To best understand the stories of the Torah, one should understand that they are stories. That is, one should read them as ancient morality plays where the focus should move, surprisingly, from God to human. The stories of Avraham need to be understood against the background of the opening myths of Adam and Noah. Adam, “the human prototype”, is created in a universe where both good and evil exist. (Why the universe needs to contain evil is the ultimate question, which can only be answered that infinity must by definition allow for infinite possibilities and permutations.) Once human evolves to having knowledge of both good and evil, an infinite range of choice between the two opens. Not surprisingly, “God despairs” of the choices humans make and decides to “start all over again.”
Noah enters the story as “a righteous man.” However, the story shows him as passive as well. While Adam is disobedient by eating the fruit of the tree of knowledge of good and evil, Noah is compliant by saving his family and animals to reproduce life after the flood. Yet, post flood, humanity descends into wicked behavior again, as Noah and his descendants have failed to be champions for justice. The notion that “God will no longer destroy the earth by flood again” lets us know that humans now have power over life and death, good and evil, on this planet.
Avraham, the spiritual father of our people, faces constant challenges as to what is right and just. One can question his behavior over the expulsion of Hagar and Ishmael as well his taking his son Isaac as a potential sacrifice. Yet, in one of the most well-known passages of Torah literature, God informs Avraham that he “intends to destroy Sodom and Gomorrah”, for the sins of its inhabitants have come to God’s attention. (According to rabbinic understanding, the sin of Sodom is not what its name has become famous for, but rather its lack of hospitality.) Avraham challenges God, “Shall not the Judge of all the earth judge justly?” As a result of their famous negotiation, God accedes to Avraham’s demand to make sure that the innocent are not swept away with the guilty.
This little drama acted out between Avraham and God is meant to be a morality tale for us.
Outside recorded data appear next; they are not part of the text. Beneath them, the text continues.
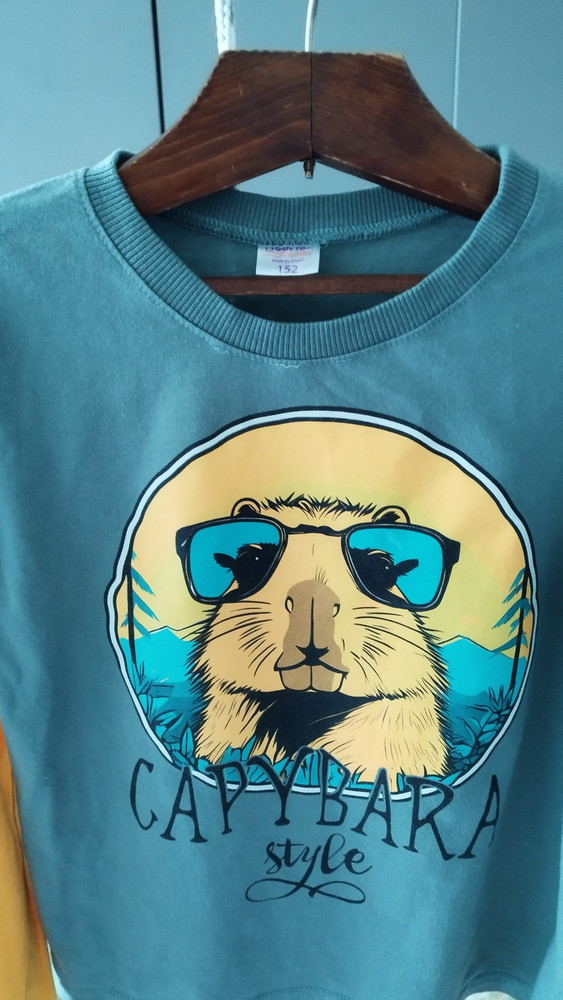 Ткань очень тонкая, горловина широкая и хлипкая. Взяла только потому что сыну очень понравился принт.. После первой стирки на бережном режиме распустились нитки на горловине и рукаве. Не поддерживаю положительных отзывов!!!
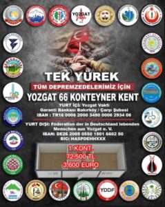 YOZGATLILARDAN DEPREM BÖLGESİNE KONTEYNER KENT KAMPANYASI
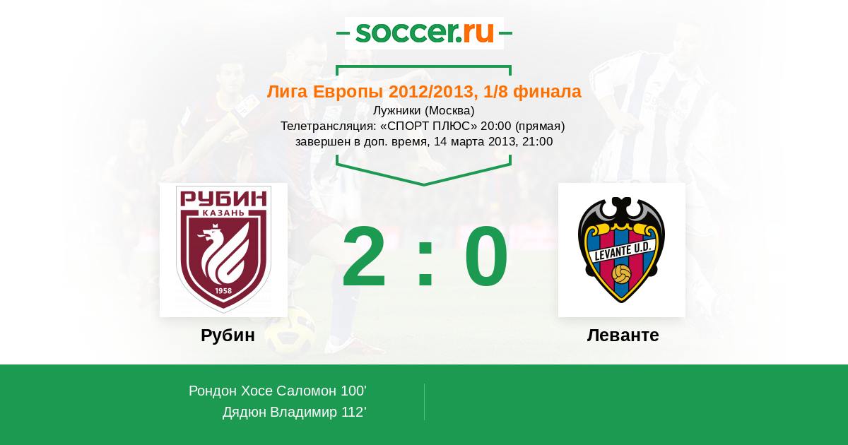 Протокол матча Рубин против Леванте
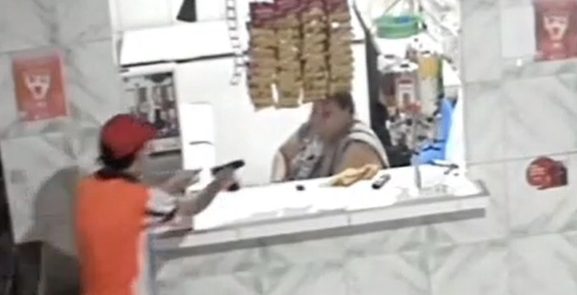 De acordo com as imagens de câmeras de segurança, a dona do estabelecimento estava no balcão quando quatro suspeitos entraram e anunciaram o assalto. Assustada, a comerciante conseguiu correr para dentro de casa. O grupo levou o celular da vítima, dinheiro do caixa e ainda recolheu algumas mercadorias.
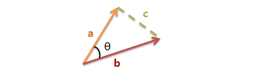 以二维空间为例,上图的a和b是两个向量,我们要计算它们的夹角θ。余弦定理告诉我们,可以用下面的公式求得:
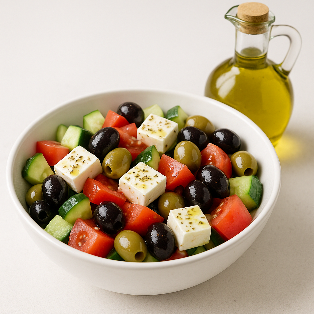 La ensalada griega es un clásico de la cocina mediterránea, conocida por su frescura y sabor intenso. Esta versión utiliza aceite de oliva virgen extra, un ingrediente esencial para realzar el sabor y aportar sus múltiples beneficios para la salud. Es perfecta como acompañamiento o incluso como plato principal para aquellos días en los que buscas algo ligero y saludable.
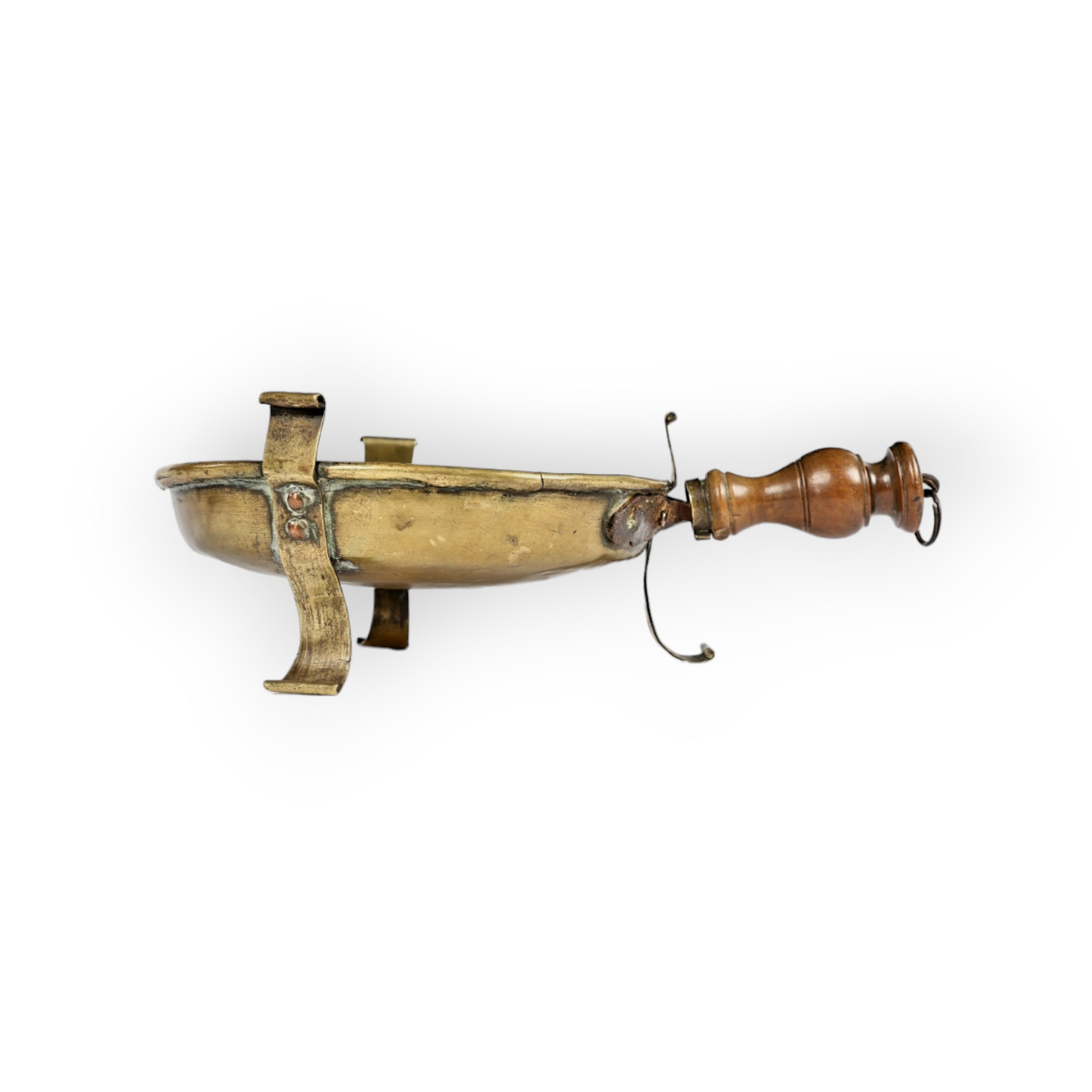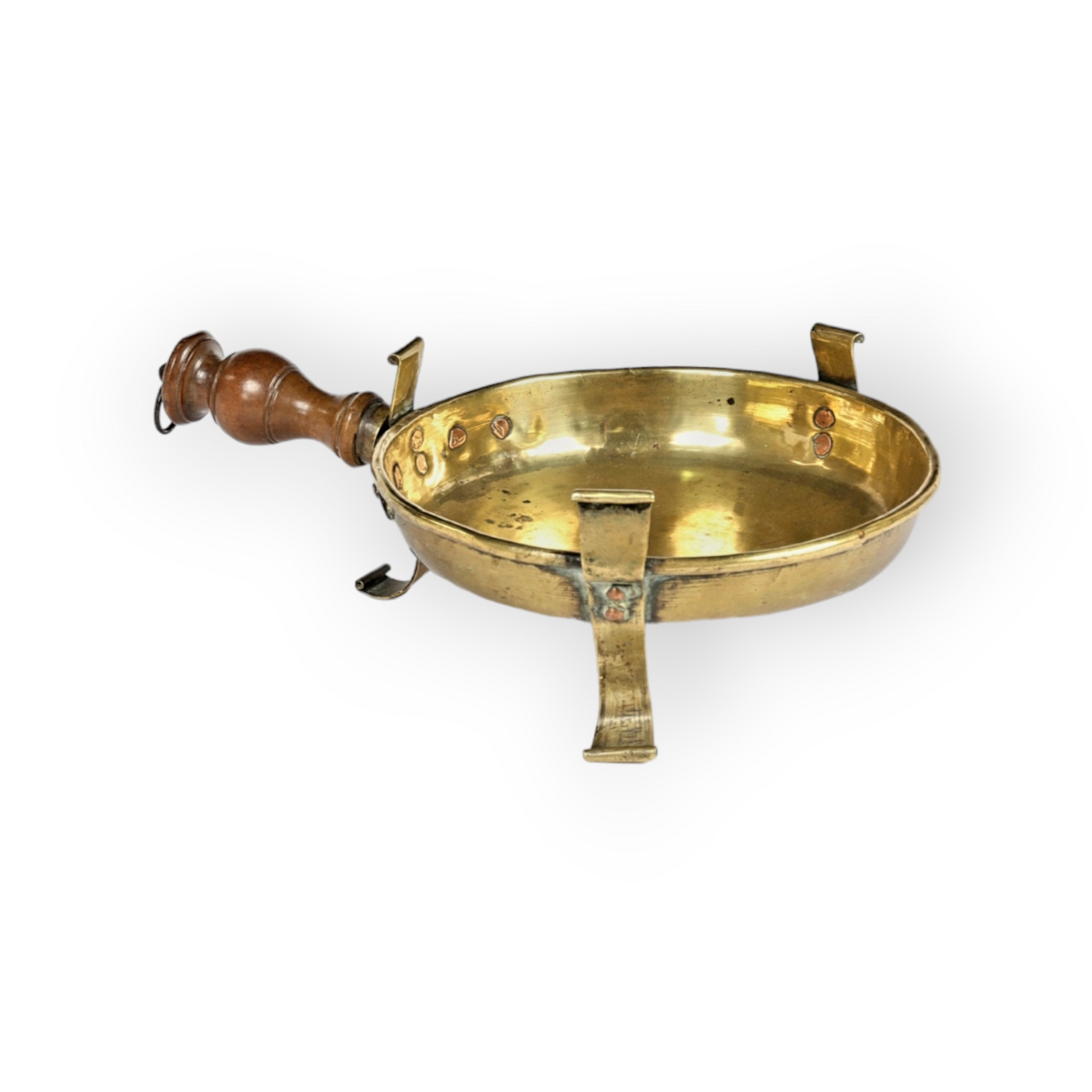 The wide, shallow bowl with rolled rim, on three scrolled strap feet attached with copper rivets to the sides of the bowl, the short baluster-turned fruitwood handle again with copper rivets and an iron hanging loop terminal.
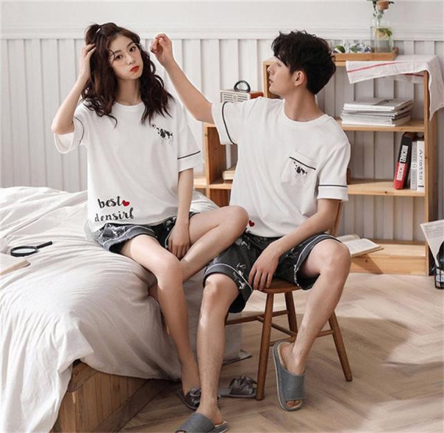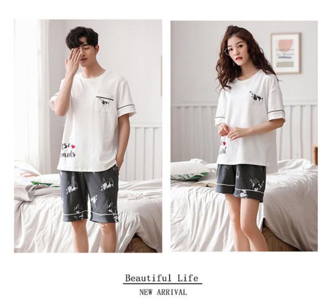 ペアパジャマ カップル ペア ルームウェア 夏 韓国風 ペアルック パジャマ セットアップ 綿 寝巻き 部屋着 お揃い 寝間着 ギフト おしゃれ 結婚記念日

Sadly, most of us would still like to blame God for the world’s ills as opposed to taking responsibility for them ourselves. Avraham and Sarah, like us, witness a world in which life is not fair, in which wickedness abounds. They, like us, have choices to make — and in retrospect mistakes will be made. Avraham’s challenge to God – shall not the Judge of all the earth judge justly – is even more a challenge to the generations to come. Judaism teaches that we are God’s agents on earth. The innocent shall not be condemned, nor the guilty acquitted. In our creation, choices between good and bad are constantly in front of us. Goodness and justice are built into the universe, but require human agency to be activated.